Assigned task. Exact copies of all entries are needed. Pictures are to be left out.

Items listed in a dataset
● ● ● ● ● ● ●
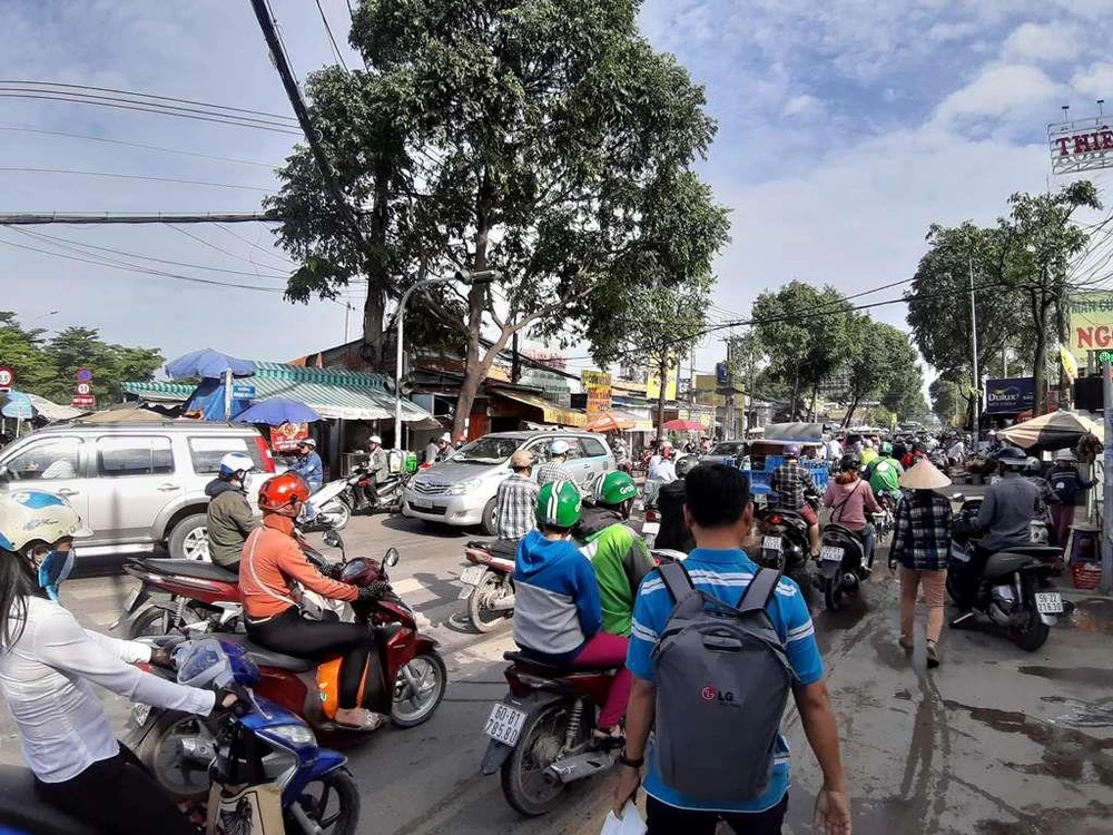 Hàng loạt phương tiện, người xếp hàng lên cầu Chánh Hưng. Ảnh: ĐÀO TRANG.
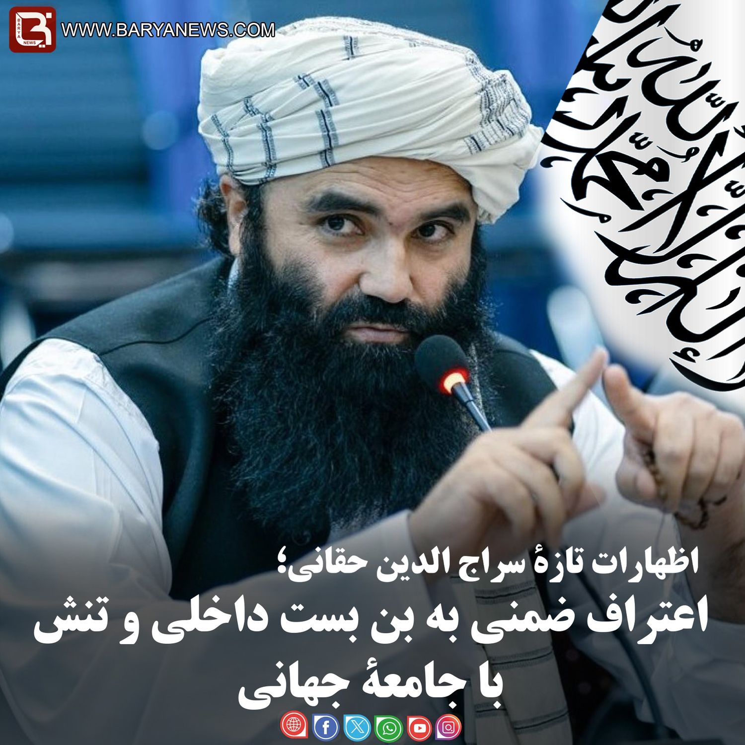 اظهارات تازۀ سراج الدین حقانی؛ اعتراف ضمنی به بن بست داخلی و تنش با جامعۀ جهانی
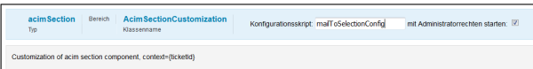 Für jedes Element gibt zudem ein Konfigurationsskript, mit dem die Werte dynamisch definiert werden können. Das Skript wird im Kontext des aktuell angemeldeten Bearbeiters ausgeführt. Die Berechtigungen des Bearbeiters können das Ergebnis des Skripts also beeinflussen. Wenn Sie zum Beispiel Code verwenden, um alle Tickets auszuwählen, wird die Anzahl der Tickets je nach Queue-Berechtigungen des aktuellen Bearbeiters unterschiedlich sein. Wenn Sie innerhalb des Skripts globalen Zugriff benötigen, können Sie es immer auch mit Administratorrechten ausführen, indem Sie die entsprechende Checkbox markieren. Innerhalb des Skripts sind die Objekte des Kontextes verfügbar (siehe folgende Abbildung: Beispiel mit ticketId).
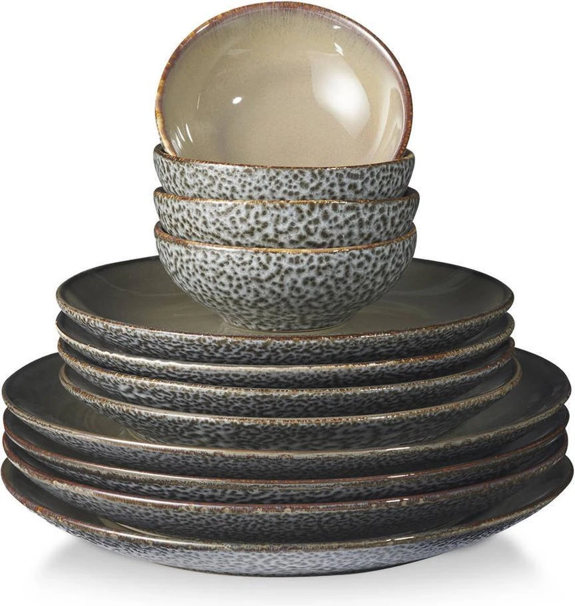 Dit 12-delige Herman den Blijker servies is uitgevoerd in hard aardewerk. Door toepassing van een ‘reactief’glazuurproces hebben de producten een mooie diep warmgrijze kleur. De buitenzijde heeft een speciaal stroer voelbaar patroon waardoor het servies een stoere uitstraling krijgt. De onderdelen zijn los na te bestellen.
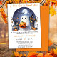 Cute ghost and pumpkin baby shower invitation for the mum-to-be, Halloween gender neutral baby shower invitation. Customise names, dates, and information.
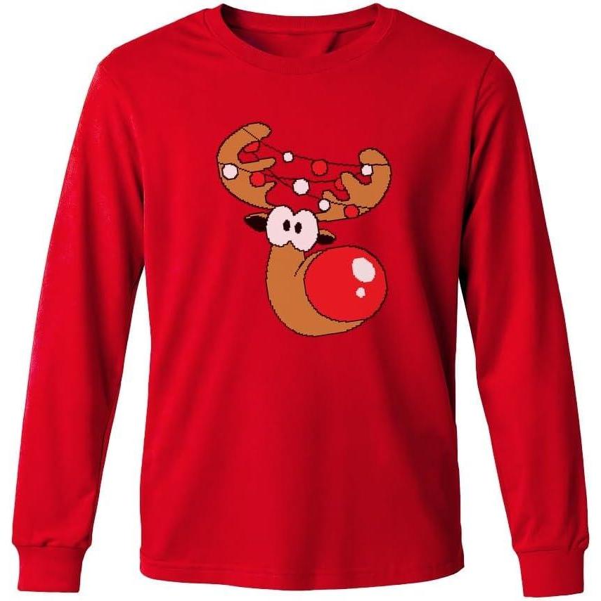Tstars Merry Swishmas Boys Basketball Shirt – Funny Ugly Christmas Sweater Style Youth Long Sleeve Holiday Tee(Red Nose / Red)
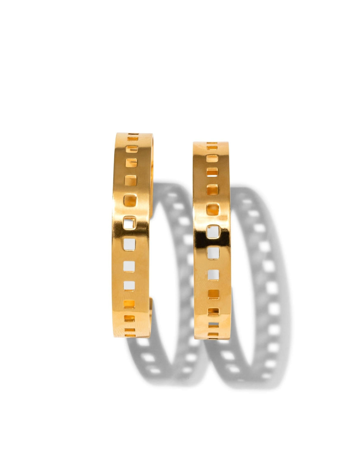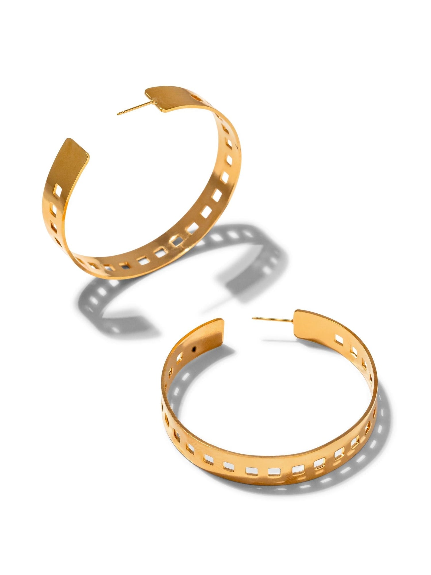 These Girls On Film Hoop Post Earrings by Jaredjamin are a stunning homage to the Golden Era of Hollywood. The sleek, rolling liquid-gold design is inspired by the movement of film, creating a classic hoop with a modern twist. These hoops are perfect for making a stylish statement and adding a touch of glamorous, timeless elegance to any look.
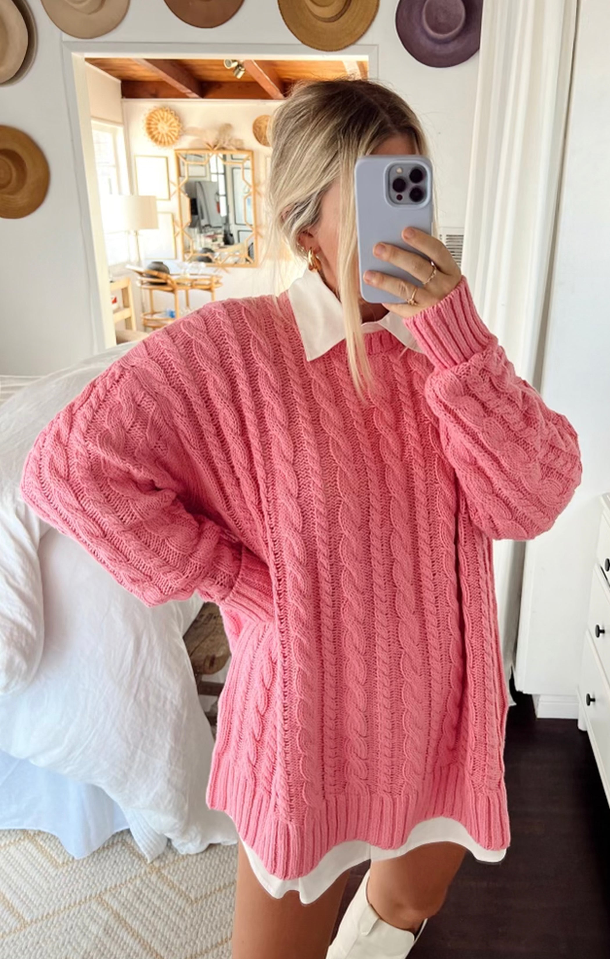 This oversized sweater is just what you need to build your year 'round wardrobe. A closet staple you'll be wearing on repeat! Finish out warm days with your fave denim shorts, a layer over collared shirts, and under jackets when the temperatures drop.
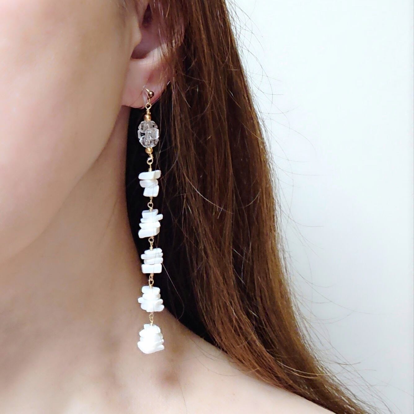 天然ホワイトシェルのさざれにフラワー型のクリアパーツを合わせたロングピアスです。
● ● ● ● ● ● ●
Finished exercise.
 Hàng loạt phương tiện, người xếp hàng lên cầu Chánh Hưng. Ảnh: ĐÀO TRANG.
 اظهارات تازۀ سراج الدین حقانی؛ اعتراف ضمنی به بن بست داخلی و تنش با جامعۀ جهانی
 Für jedes Element gibt zudem ein Konfigurationsskript, mit dem die Werte dynamisch definiert werden können. Das Skript wird im Kontext des aktuell angemeldeten Bearbeiters ausgeführt. Die Berechtigungen des Bearbeiters können das Ergebnis des Skripts also beeinflussen. Wenn Sie zum Beispiel Code verwenden, um alle Tickets auszuwählen, wird die Anzahl der Tickets je nach Queue-Berechtigungen des aktuellen Bearbeiters unterschiedlich sein. Wenn Sie innerhalb des Skripts globalen Zugriff benötigen, können Sie es immer auch mit Administratorrechten ausführen, indem Sie die entsprechende Checkbox markieren. Innerhalb des Skripts sind die Objekte des Kontextes verfügbar (siehe folgende Abbildung: Beispiel mit ticketId).
 Dit 12-delige Herman den Blijker servies is uitgevoerd in hard aardewerk. Door toepassing van een ‘reactief’glazuurproces hebben de producten een mooie diep warmgrijze kleur. De buitenzijde heeft een speciaal stroer voelbaar patroon waardoor het servies een stoere uitstraling krijgt. De onderdelen zijn los na te bestellen.
 Cute ghost and pumpkin baby shower invitation for the mum-to-be, Halloween gender neutral baby shower invitation. Customise names, dates, and information.
Tstars Merry Swishmas Boys Basketball Shirt – Funny Ugly Christmas Sweater Style Youth Long Sleeve Holiday Tee(Red Nose / Red)
 These Girls On Film Hoop Post Earrings by Jaredjamin are a stunning homage to the Golden Era of Hollywood. The sleek, rolling liquid-gold design is inspired by the movement of film, creating a classic hoop with a modern twist. These hoops are perfect for making a stylish statement and adding a touch of glamorous, timeless elegance to any look.
 This oversized sweater is just what you need to build your year 'round wardrobe. A closet staple you'll be wearing on repeat! Finish out warm days with your fave denim shorts, a layer over collared shirts, and under jackets when the temperatures drop.
 天然ホワイトシェルのさざれにフラワー型のクリアパーツを合わせたロングピアスです。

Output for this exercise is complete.